* **EXERCISE DATA**:

▼

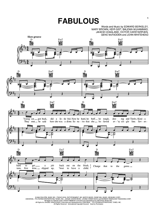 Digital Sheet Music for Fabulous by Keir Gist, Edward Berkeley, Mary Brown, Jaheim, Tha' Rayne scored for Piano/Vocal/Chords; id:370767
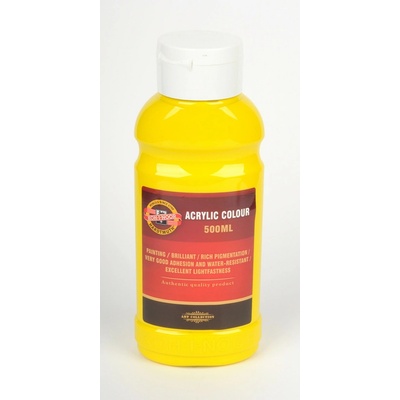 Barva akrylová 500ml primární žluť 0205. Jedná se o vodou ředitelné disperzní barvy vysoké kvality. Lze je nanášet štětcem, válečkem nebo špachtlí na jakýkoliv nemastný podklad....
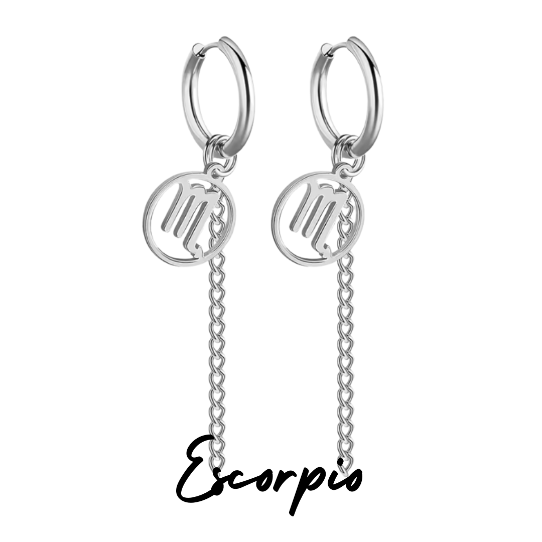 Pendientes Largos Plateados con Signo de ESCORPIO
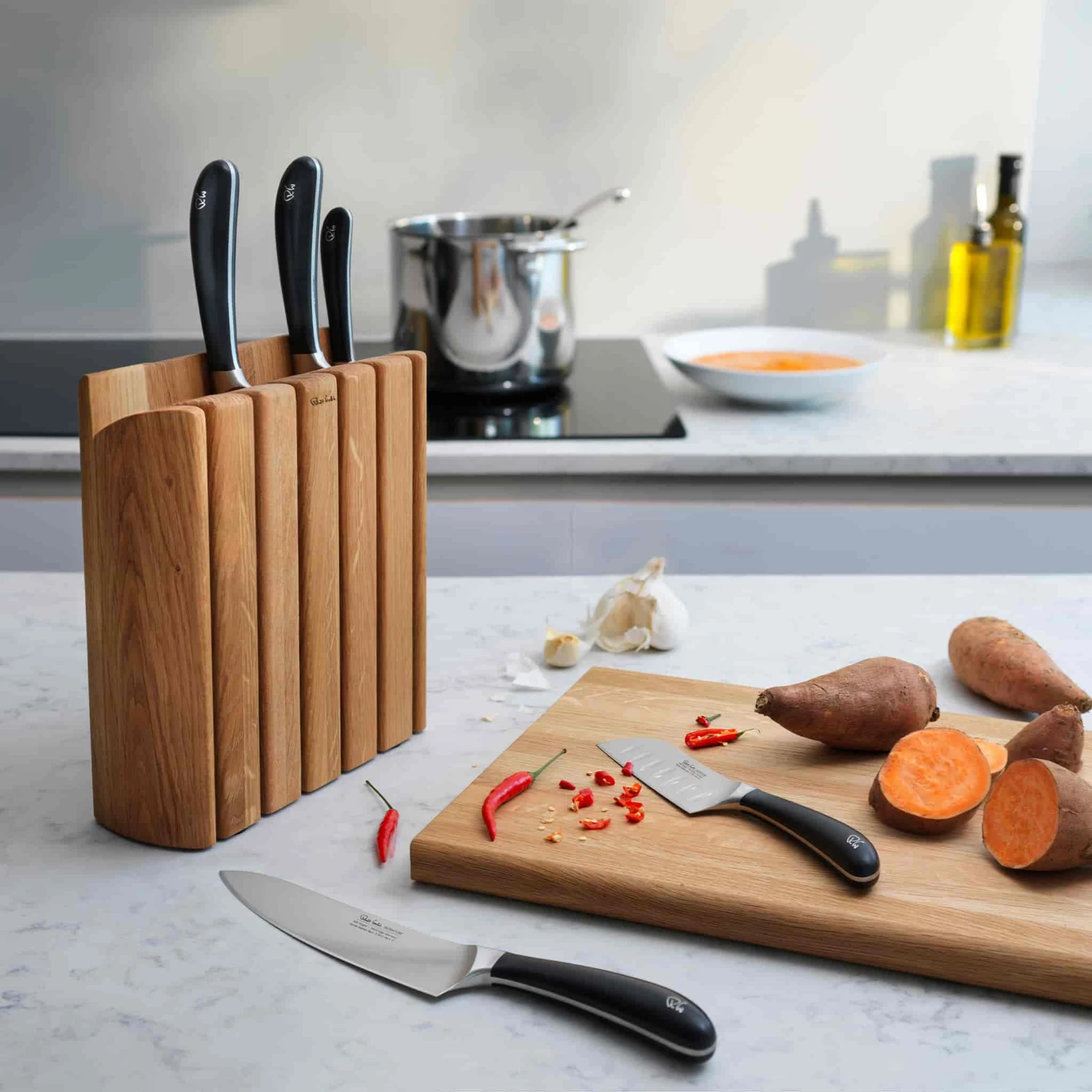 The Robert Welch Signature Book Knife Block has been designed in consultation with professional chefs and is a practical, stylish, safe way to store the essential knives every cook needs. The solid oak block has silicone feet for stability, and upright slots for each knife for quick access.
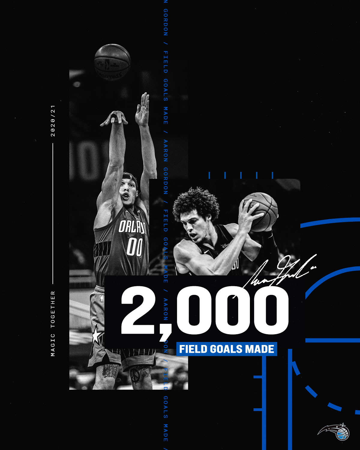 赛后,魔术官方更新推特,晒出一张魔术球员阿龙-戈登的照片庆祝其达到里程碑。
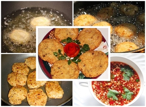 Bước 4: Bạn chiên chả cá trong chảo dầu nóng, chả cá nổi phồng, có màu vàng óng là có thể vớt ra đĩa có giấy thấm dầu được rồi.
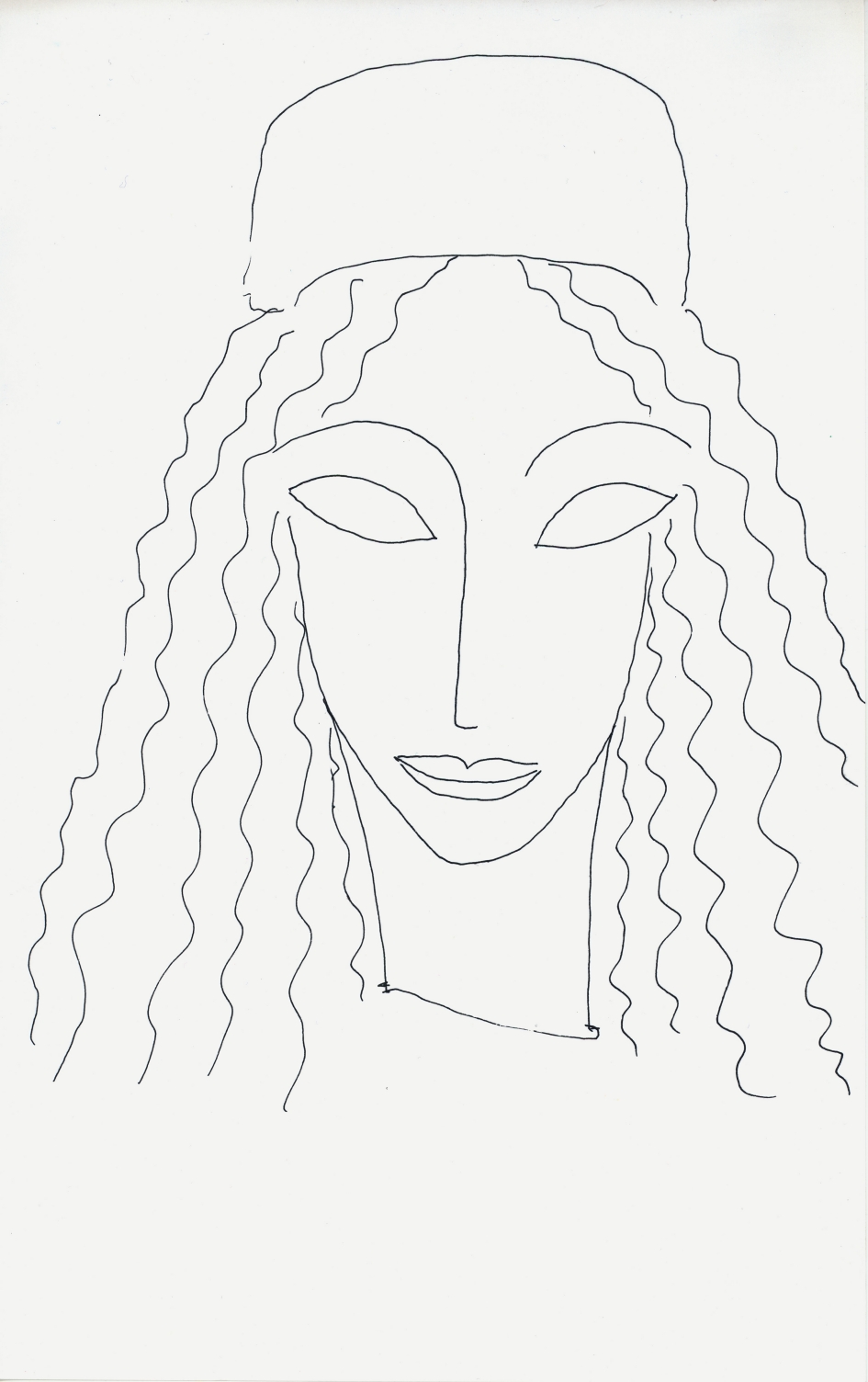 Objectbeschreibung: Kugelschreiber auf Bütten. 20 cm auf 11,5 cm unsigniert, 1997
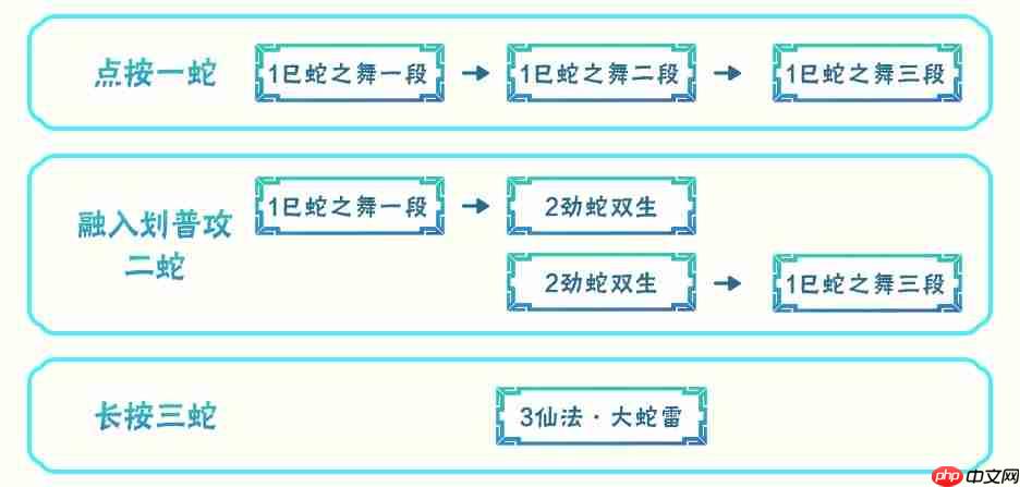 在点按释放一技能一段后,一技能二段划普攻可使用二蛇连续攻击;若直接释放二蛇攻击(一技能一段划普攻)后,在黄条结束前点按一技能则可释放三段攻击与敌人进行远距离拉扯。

▲
▼

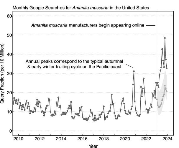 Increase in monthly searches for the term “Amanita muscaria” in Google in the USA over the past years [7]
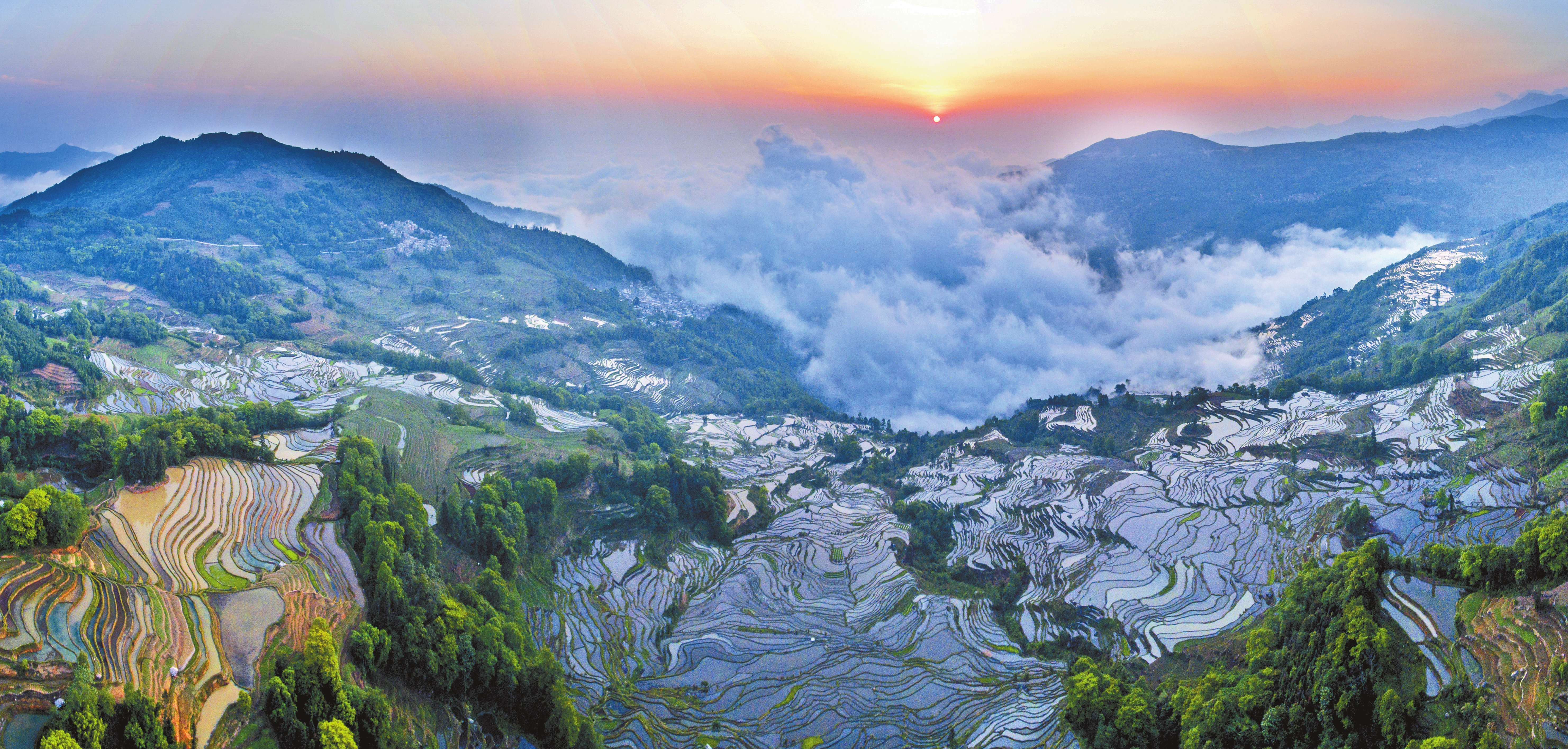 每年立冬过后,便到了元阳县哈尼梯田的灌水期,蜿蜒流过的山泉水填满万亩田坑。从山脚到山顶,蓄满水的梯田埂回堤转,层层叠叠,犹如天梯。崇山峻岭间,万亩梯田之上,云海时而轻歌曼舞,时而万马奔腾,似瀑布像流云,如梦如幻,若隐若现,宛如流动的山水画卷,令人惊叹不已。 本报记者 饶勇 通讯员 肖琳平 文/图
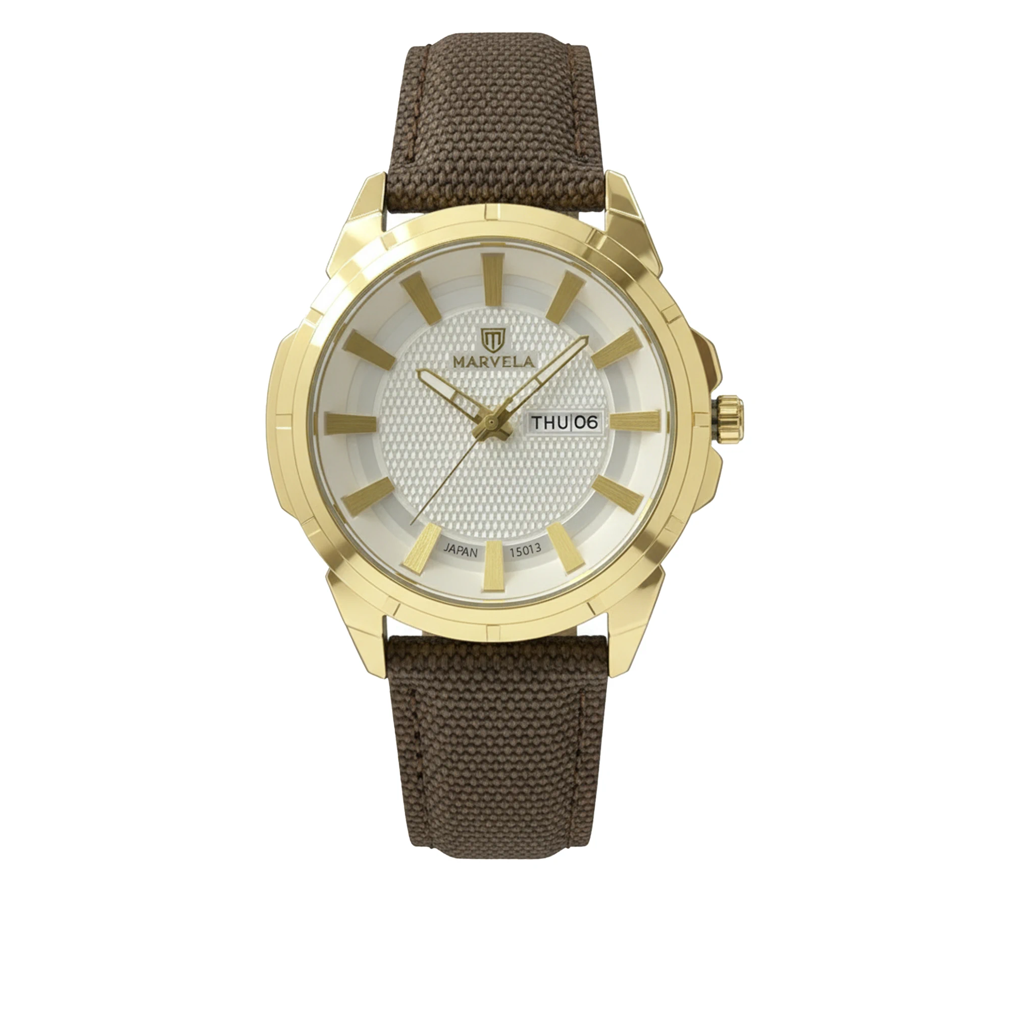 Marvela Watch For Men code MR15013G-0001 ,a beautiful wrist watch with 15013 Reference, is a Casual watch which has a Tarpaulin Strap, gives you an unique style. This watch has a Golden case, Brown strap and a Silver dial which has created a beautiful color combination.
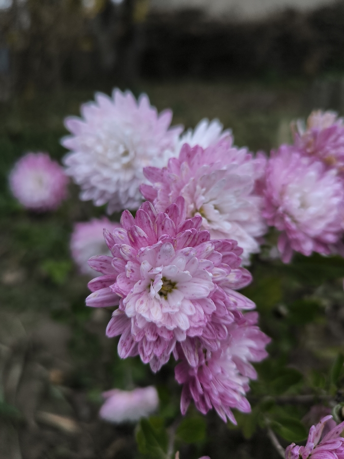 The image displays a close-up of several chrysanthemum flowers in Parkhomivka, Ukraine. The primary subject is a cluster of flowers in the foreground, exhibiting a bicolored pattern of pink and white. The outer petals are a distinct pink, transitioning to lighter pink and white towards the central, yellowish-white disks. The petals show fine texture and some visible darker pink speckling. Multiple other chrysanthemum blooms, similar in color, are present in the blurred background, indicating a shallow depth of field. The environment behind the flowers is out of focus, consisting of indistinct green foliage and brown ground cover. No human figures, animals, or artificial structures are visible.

▲
▼

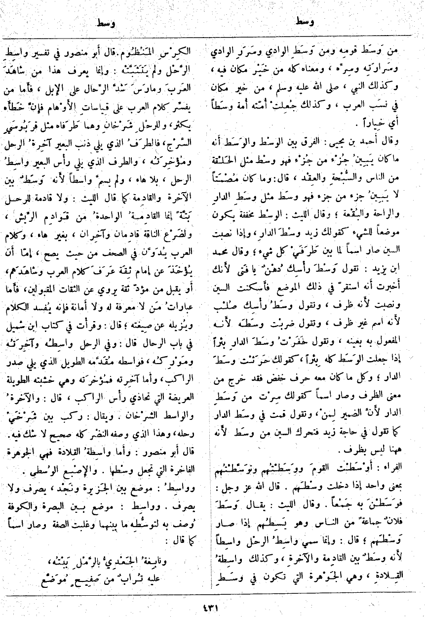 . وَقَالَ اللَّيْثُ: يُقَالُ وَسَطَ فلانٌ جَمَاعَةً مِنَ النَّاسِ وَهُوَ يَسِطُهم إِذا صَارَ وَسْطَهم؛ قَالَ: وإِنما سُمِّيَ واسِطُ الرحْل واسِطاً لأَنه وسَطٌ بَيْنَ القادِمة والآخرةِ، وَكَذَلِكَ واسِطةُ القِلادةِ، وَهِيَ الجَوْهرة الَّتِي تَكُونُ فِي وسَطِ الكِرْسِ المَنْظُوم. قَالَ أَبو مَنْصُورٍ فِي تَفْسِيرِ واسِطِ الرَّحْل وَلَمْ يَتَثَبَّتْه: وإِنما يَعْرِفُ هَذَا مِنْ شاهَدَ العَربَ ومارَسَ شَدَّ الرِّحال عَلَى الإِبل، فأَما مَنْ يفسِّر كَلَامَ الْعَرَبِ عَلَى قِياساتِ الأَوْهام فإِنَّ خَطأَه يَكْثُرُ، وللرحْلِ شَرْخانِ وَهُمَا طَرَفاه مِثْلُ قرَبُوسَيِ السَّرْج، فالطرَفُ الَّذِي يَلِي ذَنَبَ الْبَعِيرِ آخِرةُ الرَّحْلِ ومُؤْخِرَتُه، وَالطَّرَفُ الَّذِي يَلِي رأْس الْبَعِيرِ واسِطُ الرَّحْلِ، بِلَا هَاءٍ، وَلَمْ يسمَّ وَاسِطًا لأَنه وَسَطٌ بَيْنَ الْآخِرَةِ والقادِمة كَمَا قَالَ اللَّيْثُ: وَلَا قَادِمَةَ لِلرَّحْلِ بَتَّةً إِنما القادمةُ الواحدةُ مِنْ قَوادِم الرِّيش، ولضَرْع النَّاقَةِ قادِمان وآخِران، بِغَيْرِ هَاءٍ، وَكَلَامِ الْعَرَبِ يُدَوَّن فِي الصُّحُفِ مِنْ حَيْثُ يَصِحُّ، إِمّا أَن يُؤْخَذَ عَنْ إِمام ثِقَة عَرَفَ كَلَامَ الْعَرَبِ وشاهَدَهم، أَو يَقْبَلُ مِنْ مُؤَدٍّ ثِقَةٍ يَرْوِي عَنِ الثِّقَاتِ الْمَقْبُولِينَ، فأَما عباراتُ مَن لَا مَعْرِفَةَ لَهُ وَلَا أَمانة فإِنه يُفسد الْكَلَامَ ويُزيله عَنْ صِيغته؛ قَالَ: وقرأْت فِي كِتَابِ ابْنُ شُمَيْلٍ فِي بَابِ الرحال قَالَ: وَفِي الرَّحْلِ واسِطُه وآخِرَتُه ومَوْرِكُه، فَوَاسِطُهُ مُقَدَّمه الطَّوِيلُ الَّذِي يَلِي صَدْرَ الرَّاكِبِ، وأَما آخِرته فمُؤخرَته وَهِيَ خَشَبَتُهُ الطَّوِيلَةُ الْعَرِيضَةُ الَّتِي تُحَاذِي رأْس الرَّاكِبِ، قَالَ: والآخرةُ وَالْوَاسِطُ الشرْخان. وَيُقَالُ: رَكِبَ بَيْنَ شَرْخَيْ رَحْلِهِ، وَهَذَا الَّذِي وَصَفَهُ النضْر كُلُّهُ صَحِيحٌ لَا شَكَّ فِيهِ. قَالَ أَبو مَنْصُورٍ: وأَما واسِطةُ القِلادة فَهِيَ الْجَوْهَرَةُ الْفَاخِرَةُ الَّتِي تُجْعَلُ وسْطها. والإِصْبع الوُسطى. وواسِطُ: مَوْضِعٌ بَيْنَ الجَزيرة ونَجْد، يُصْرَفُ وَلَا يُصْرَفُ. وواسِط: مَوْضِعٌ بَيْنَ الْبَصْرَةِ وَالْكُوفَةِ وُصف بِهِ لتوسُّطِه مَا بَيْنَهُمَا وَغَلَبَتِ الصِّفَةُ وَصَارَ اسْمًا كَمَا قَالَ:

▲

* **REQUIRED ACTION**:
Keep to the lines above from the line with "Increase in monthly" to the line with "通讯员 肖琳平 文/图", and set down exactly those, inclusive, with nothing else and every picture left out.

* **SOLUTION FOR THIS TASK**:
 Increase in monthly searches for the term “Amanita muscaria” in Google in the USA over the past years [7]
 每年立冬过后,便到了元阳县哈尼梯田的灌水期,蜿蜒流过的山泉水填满万亩田坑。从山脚到山顶,蓄满水的梯田埂回堤转,层层叠叠,犹如天梯。崇山峻岭间,万亩梯田之上,云海时而轻歌曼舞,时而万马奔腾,似瀑布像流云,如梦如幻,若隐若现,宛如流动的山水画卷,令人惊叹不已。 本报记者 饶勇 通讯员 肖琳平 文/图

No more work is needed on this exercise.